*Record extracts*.
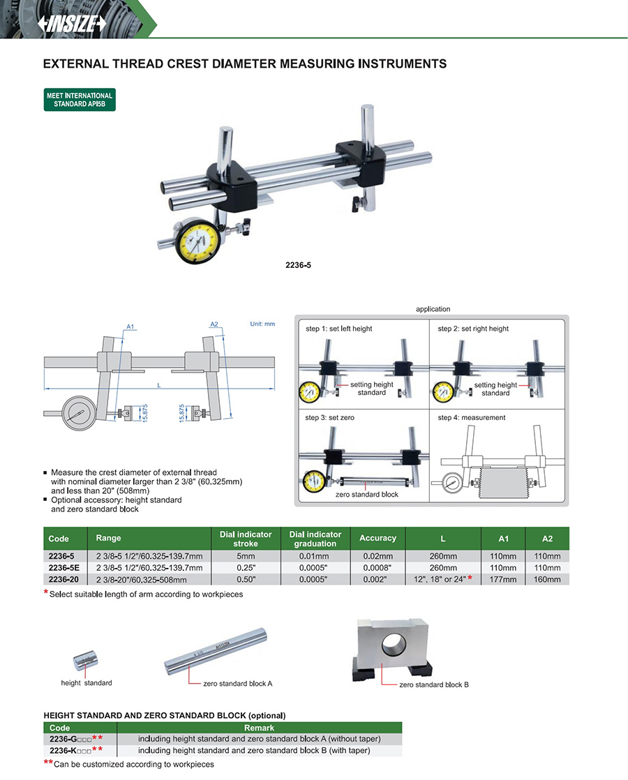 2236-5 2 3/8-5 1/2"/60.325-139.7mm 0.02mm 0.01mm crest diameter
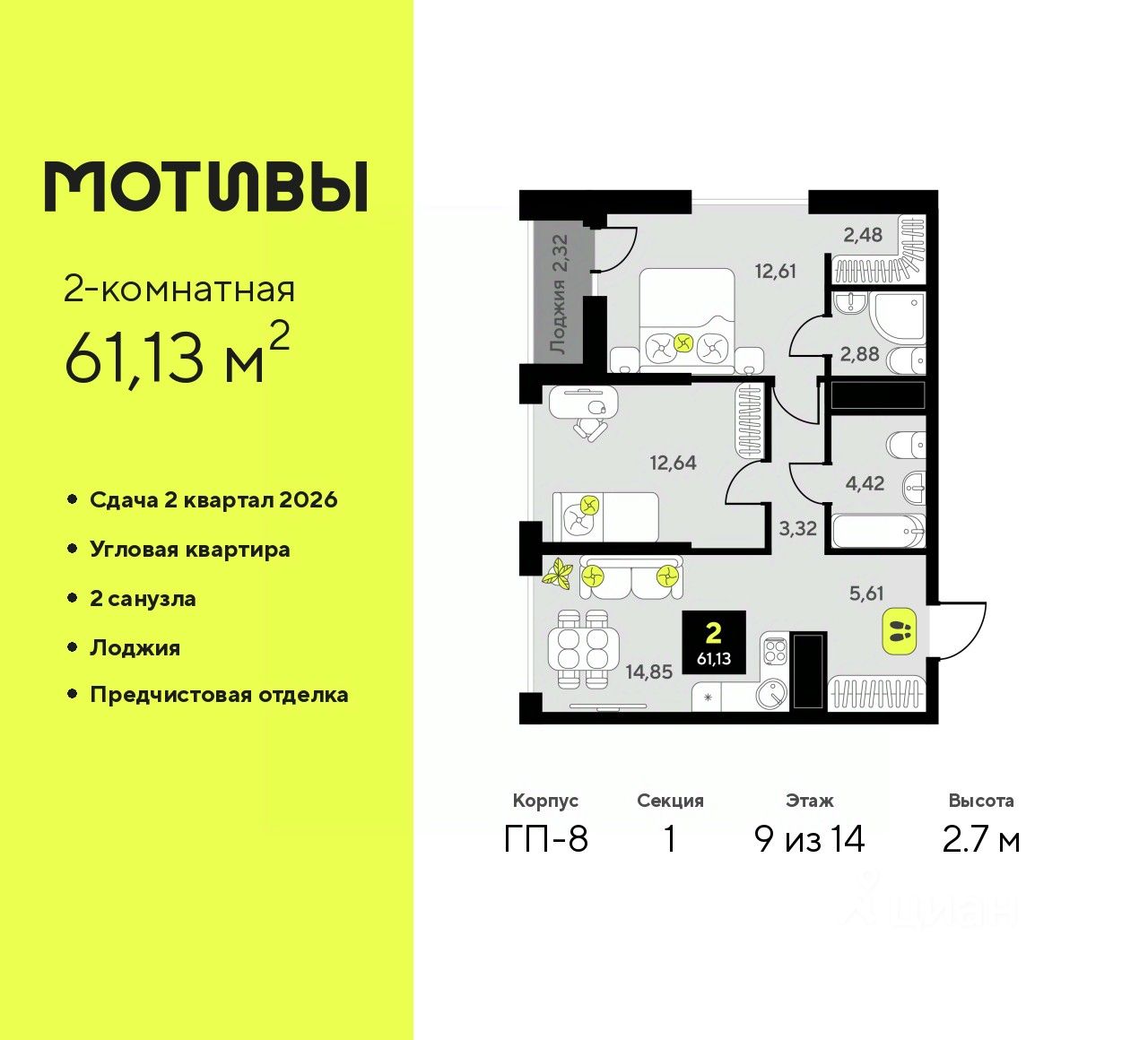 2-комн. квартира с предчистовой отделкой в ЖК ''Мотивы'' на 9 этаже. Общая площадь: 61.13 кв.м., жилая: 25.25 кв.м., площадь просторной кухни-столовой: 14.85 кв.м. Угловая квартира, идеально подойдет любителям тишины и панорамных видов. В квартире одна лоджия, два совмещенных санузла. Высота потолков 2.7 м.
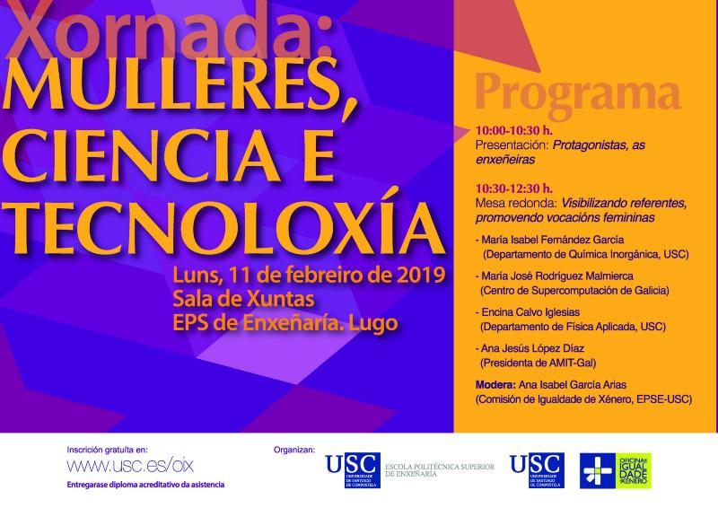 A sesión, de inscrición gratuíta, estará moderada pola profesora e coordinadora da Comisión de Igualdade de Xénero da EPSE, Ana Isabel García Arias, e nela intervirán a profesora do Departamento de Química Inorgánica da USC Isabel Fernández García; María José Rodríguez Malmierca, do Centro de Supercomputación de Galicia; Encina Calvo Iglesias, do Departamento de Física Aplicada da USC, e a presidenta da Asociación de Mulleres Investigadores e Tecnólogas de Galicia (Amit Gal), Ana Jesús López Díaz.
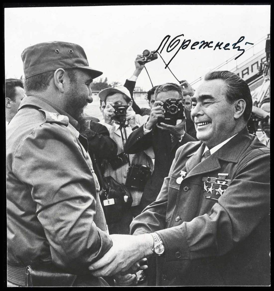 Brezhnev, Leonin (1906-1982). General Secretary of the Central Committee of the Communist Party of the Soviet Union (1964-1982). Signed B & W photograph with Fidel Castro. 6 ¼" x 7." No date (Brezhnev met with Castro on February 26, 1981). The two leaders smile and shake hands as press photographers click away.
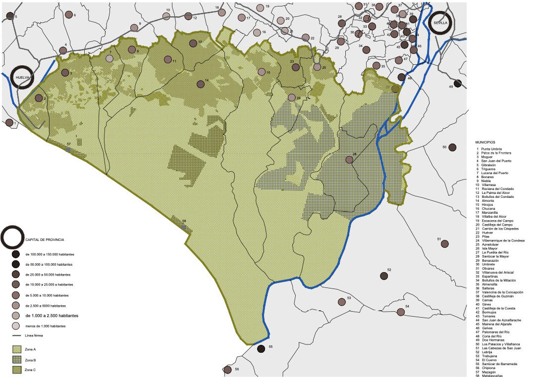[6] Los municipios que, a fecha de publicación del Plan de Ordenación del Territorio del Ámbito de Doñana (COPT, 2003), conforman el ámbito son los siguientes: Almonte, Aznalcázar, Bollullos Par del Condado, Bonares, El Rocío, Hinojos, Isla Mayor, La Palma del Condado, La Puebla del Río, La Rábida, Lucena del Puerto, Matalascañas, Mazagón, Moguer, Palos de la Frontera, Pilas, Rociana del Condado y Villamanrique de la Condesa.
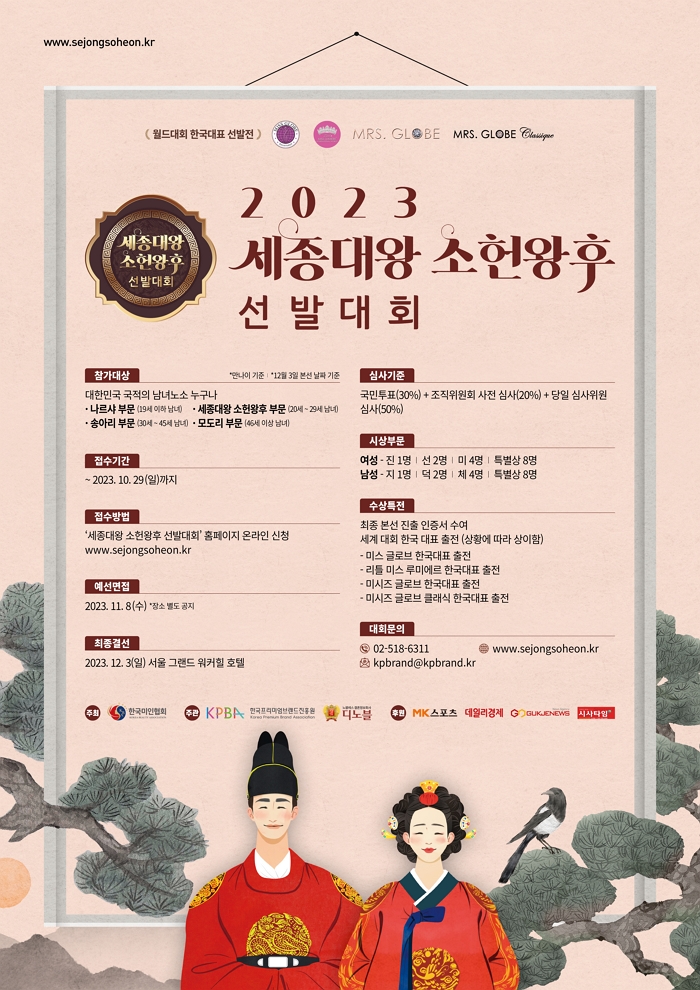 본 대회 수상자들은 대한민국의 홍보대사로서 한글의 우수성과 한복의 아름다움, 그리고 한식의 세계화 및 한류 문화를 전세계에 알릴 세종대왕과 소헌왕후를 선발하는 대한민국 최고의 한복모델 선발대회입니다.
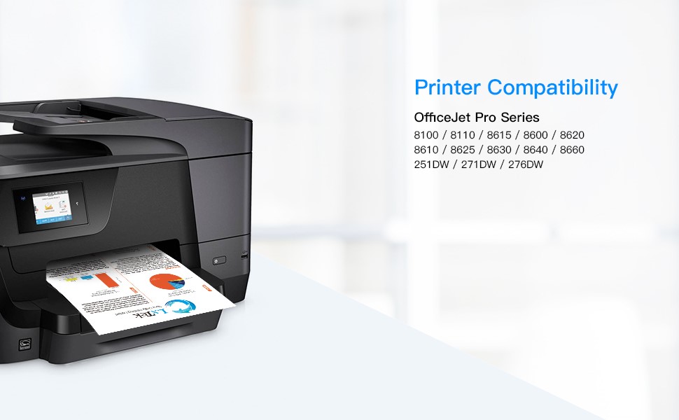 - 100% Compatible Printers: HP OfficeJet Pro 8610, 8600, 8620, 276dw, 8630, 251dw, 8100, 8615, 8625, 8640, 8660, 271dw, 8110 Printers.
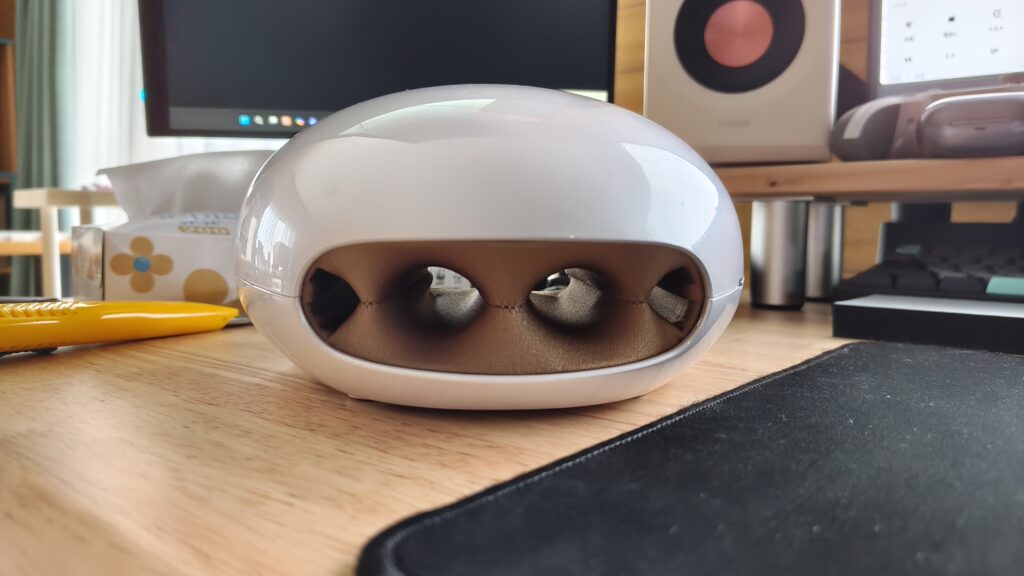 さらにコードレスなので場所を選ばないのがポイント!主に寝室と仕事部屋で使うことが多いですが、Type-Cで充電するだけなので、いつでも充電できて持ち運びも簡単。

*Work item*. Where a picture appears, omit it; otherwise reproduce each line above from the first to the one with "A sesión, de", inclusive.

*Reply*.
 2236-5 2 3/8-5 1/2"/60.325-139.7mm 0.02mm 0.01mm crest diameter
 2-комн. квартира с предчистовой отделкой в ЖК ''Мотивы'' на 9 этаже. Общая площадь: 61.13 кв.м., жилая: 25.25 кв.м., площадь просторной кухни-столовой: 14.85 кв.м. Угловая квартира, идеально подойдет любителям тишины и панорамных видов. В квартире одна лоджия, два совмещенных санузла. Высота потолков 2.7 м.
 A sesión, de inscrición gratuíta, estará moderada pola profesora e coordinadora da Comisión de Igualdade de Xénero da EPSE, Ana Isabel García Arias, e nela intervirán a profesora do Departamento de Química Inorgánica da USC Isabel Fernández García; María José Rodríguez Malmierca, do Centro de Supercomputación de Galicia; Encina Calvo Iglesias, do Departamento de Física Aplicada da USC, e a presidenta da Asociación de Mulleres Investigadores e Tecnólogas de Galicia (Amit Gal), Ana Jesús López Díaz.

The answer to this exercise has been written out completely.